If we get a valid expression, we get a solution that evaluates to 24. Otherwise, no solution is possible and we move on to the next possible operator for op3.
b. Let’s assume op3 to be division (/).
This tells us that the expression (a op1 b) op2 c should evaluate to 24 multiplied by d. Hence, we call solve to get a solution for (a op1 b) op2 c , setting input number as 0abc and target as 24 * d.
If we get a valid expression, we get a solution that evaluates to 24. Otherwise, no solution is possible and we move on to the next possible operator for op3.
c. Let’s assume op3 to be subtraction (-).
This tells us that the expression (a op1 b) op2 c should evaluate to 24 + d. Hence, we call solve to get a solution for (a op1 b) op2 c, setting input number as 0abc and target as 24 + d.
If we get a valid expression, we get a solution that evaluates to 24. Otherwise, no solution is possible and we move on to the next possible operator for op3.

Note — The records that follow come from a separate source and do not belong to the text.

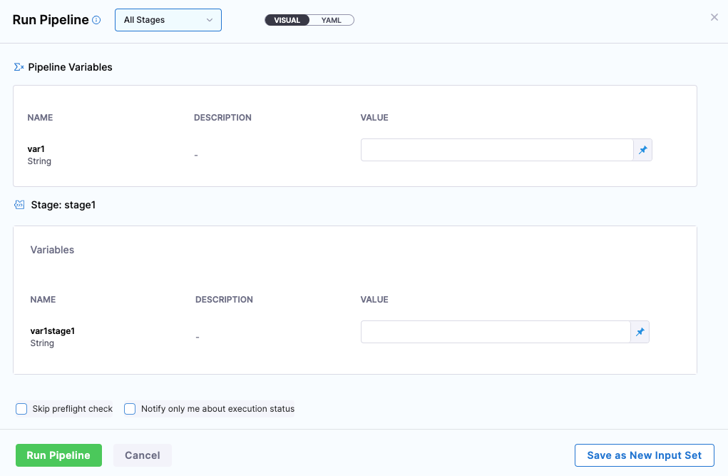 • Harness now preserves required and description metadata for Service and Environment variables in Pipelines and Templates, ensuring that any variable marked required: true or given a description in a Service/Environment retains those attributes when used as a runtime input in a Pipeline run form or Input Set. Currently, this feature is behind the feature flag PIPE_POPULATE_REQUIRED_AND_DESC_METADATA_INTO_REFERENCING_ENTITY. Contact Harness Support to enable the feature. (PIPE-13770, ZD-51392,55069,57312,62354,63051,63226,64057,65695,80110)
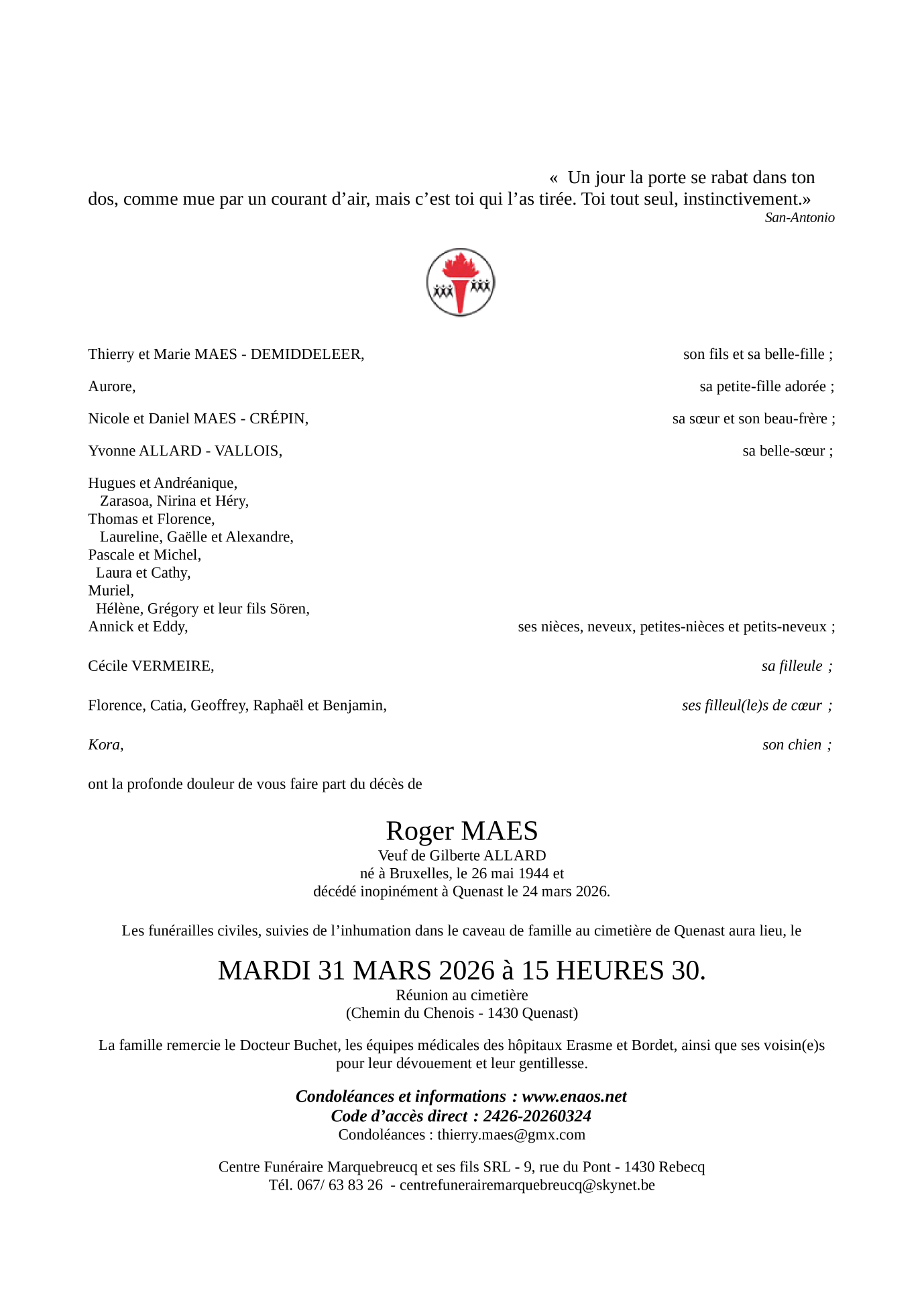 Fallecido en Rebecq (1430, Bélgica) el martes, 24 de marzo de 2026 a la edad de 81 años
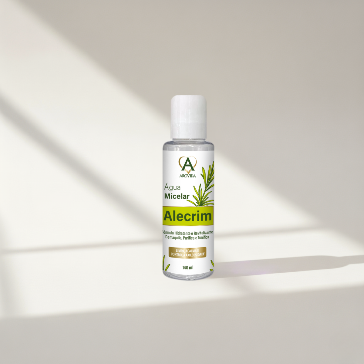 A Água Micelar Alecrim da Arovida possui uma tecnologia inovadora de ativos que atuam na limpeza e tonificação da pele, com extrato de Alecrim auxilia no combate a oleosidade e á acne, pois tem efeito adstringente e ajuda na ação anti-inflamatória. Auxilia no efeito calmante, deixando a pele limpa e tonificada.
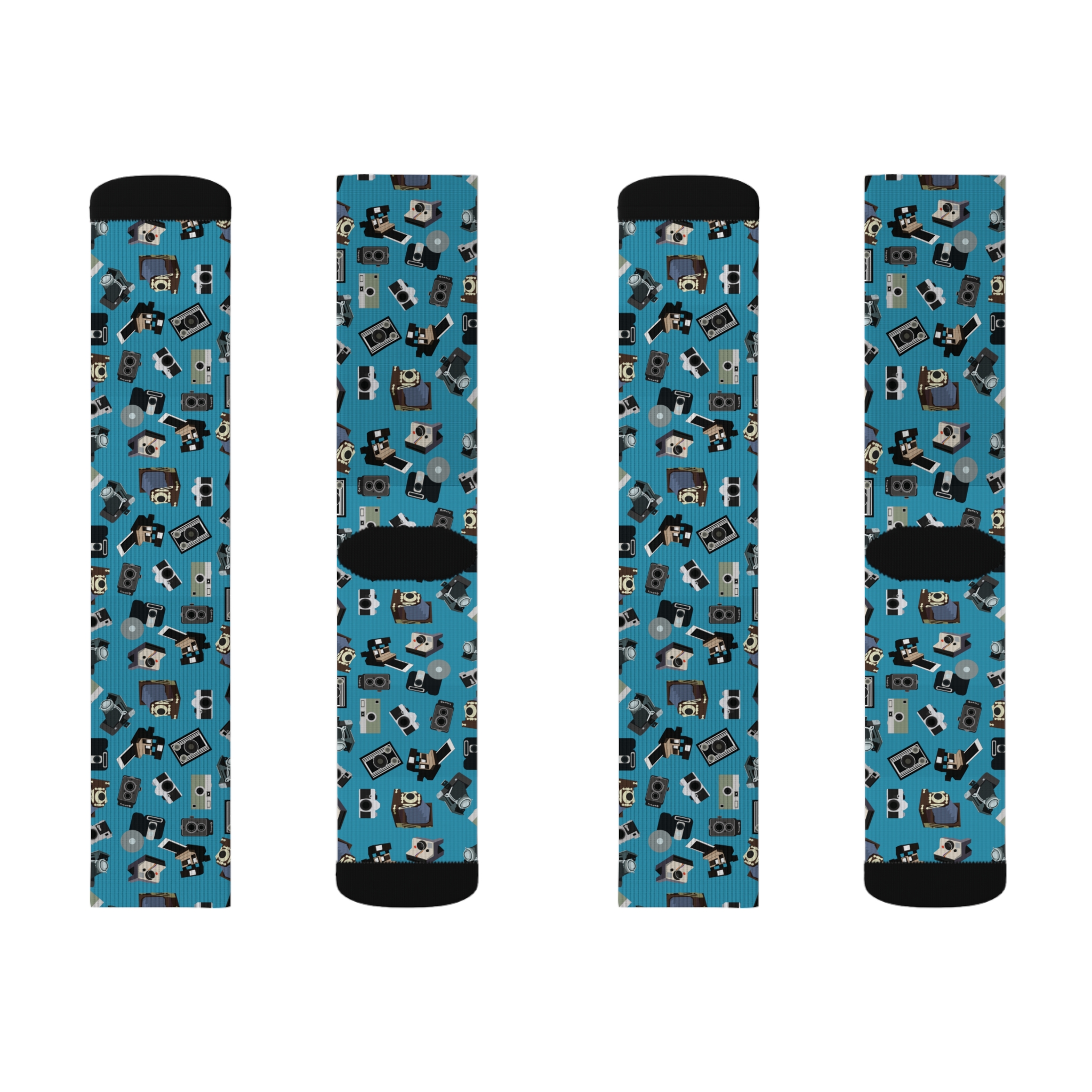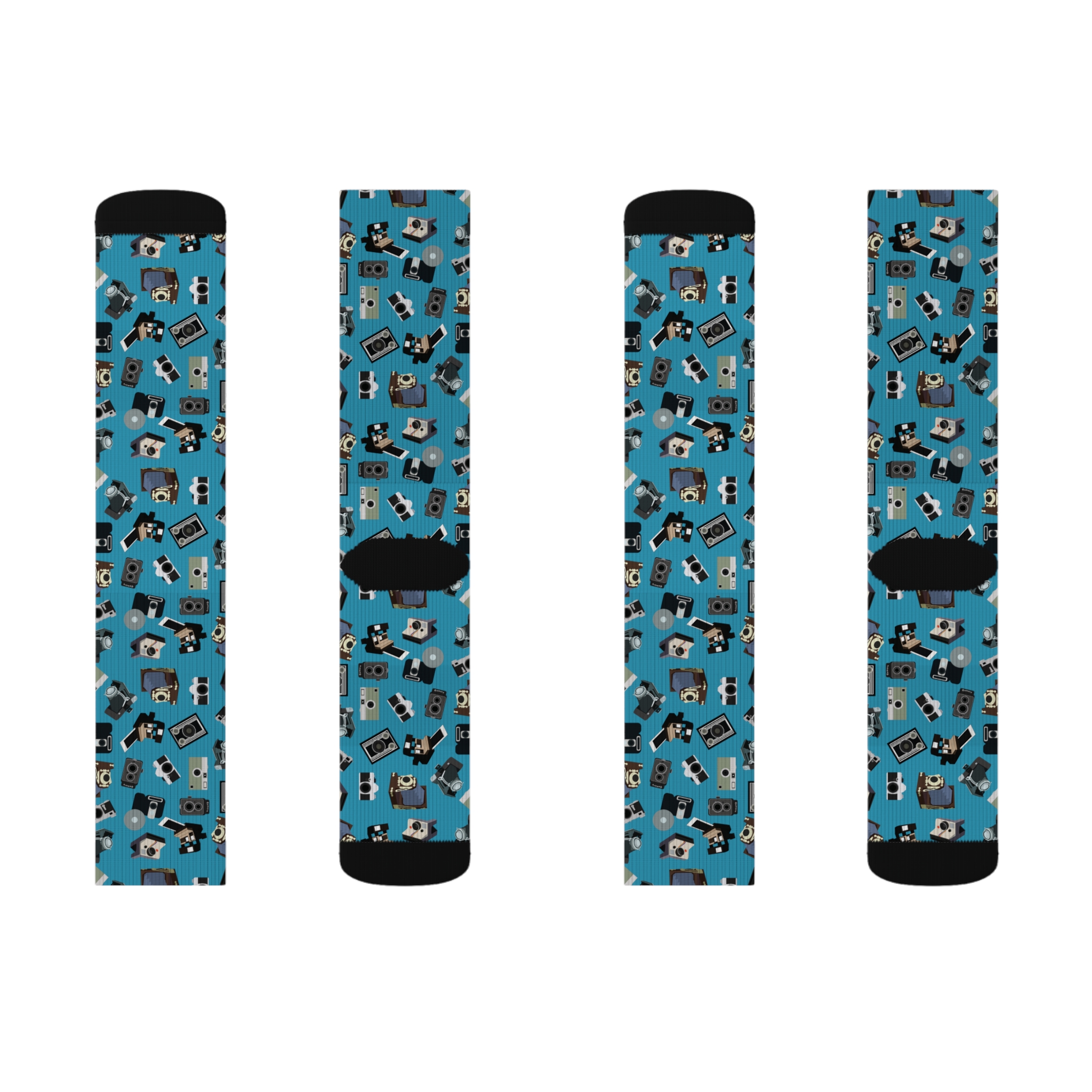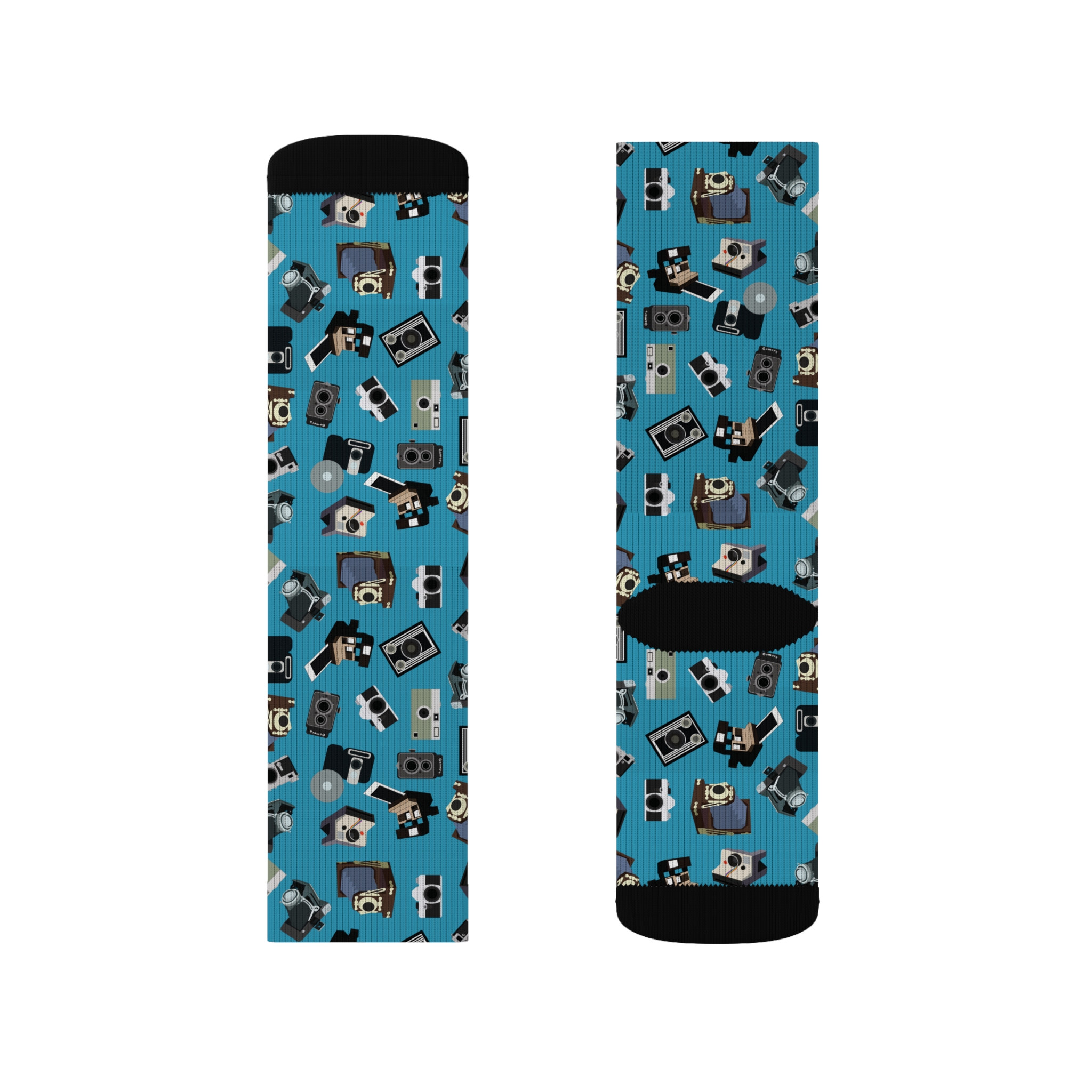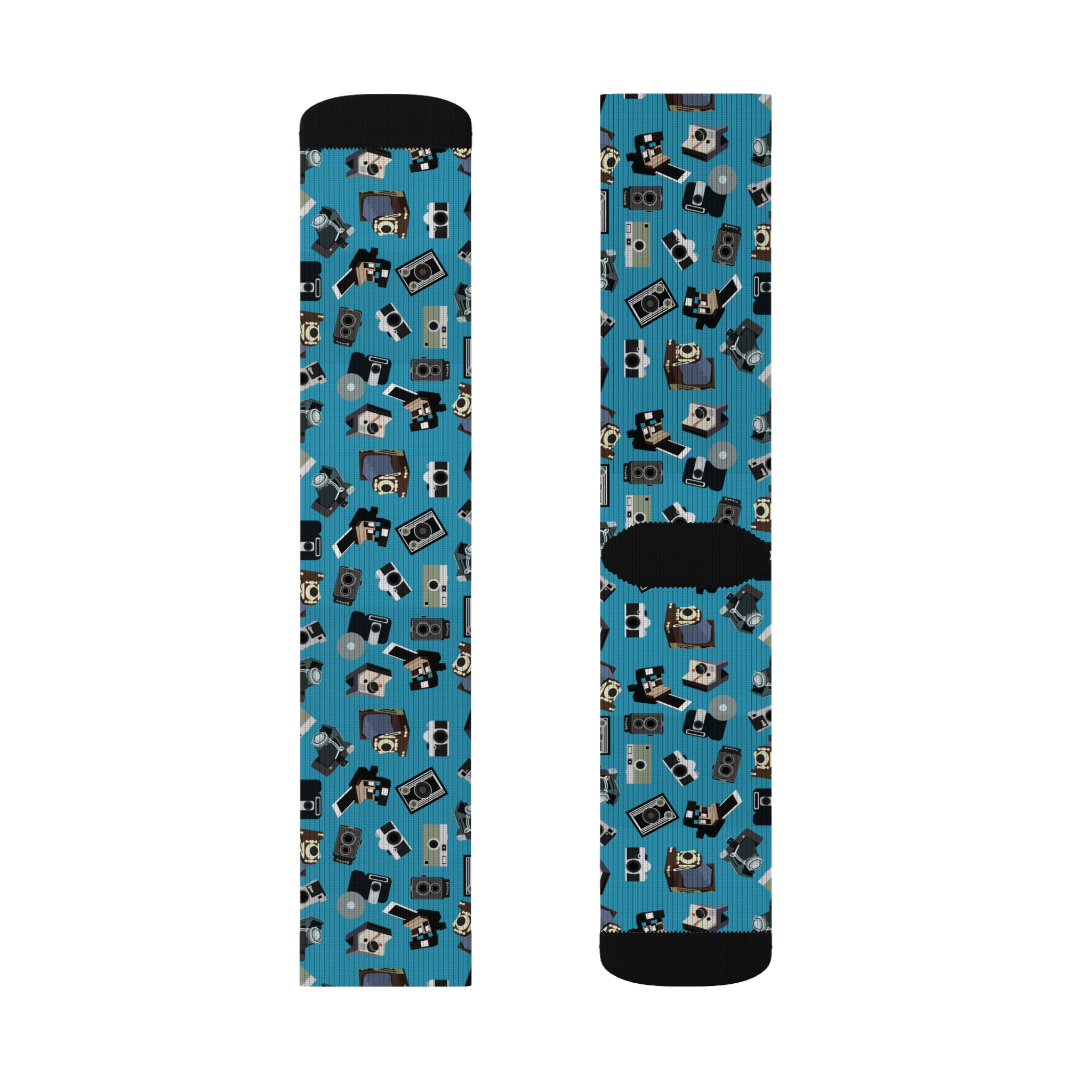 Vintage Camera Pattern Socks - Turquoise

c. Let’s assume op3 to be addition (+).
This tells us that the expression (a op1 b) op2 c should evaluate to 24 - d. Hence, we call solve to get a solution for (a op1 b) op2 c, setting input number as 0abc and target as 24 - d.
If we get a valid expression, we get a solution that evaluates to 24. Otherwise, no solution is possible.
If Steps 2 and 3 don’t yield a solution, then we have checked for all possibilities and no solution exists for given number abcd that evaluates to 24.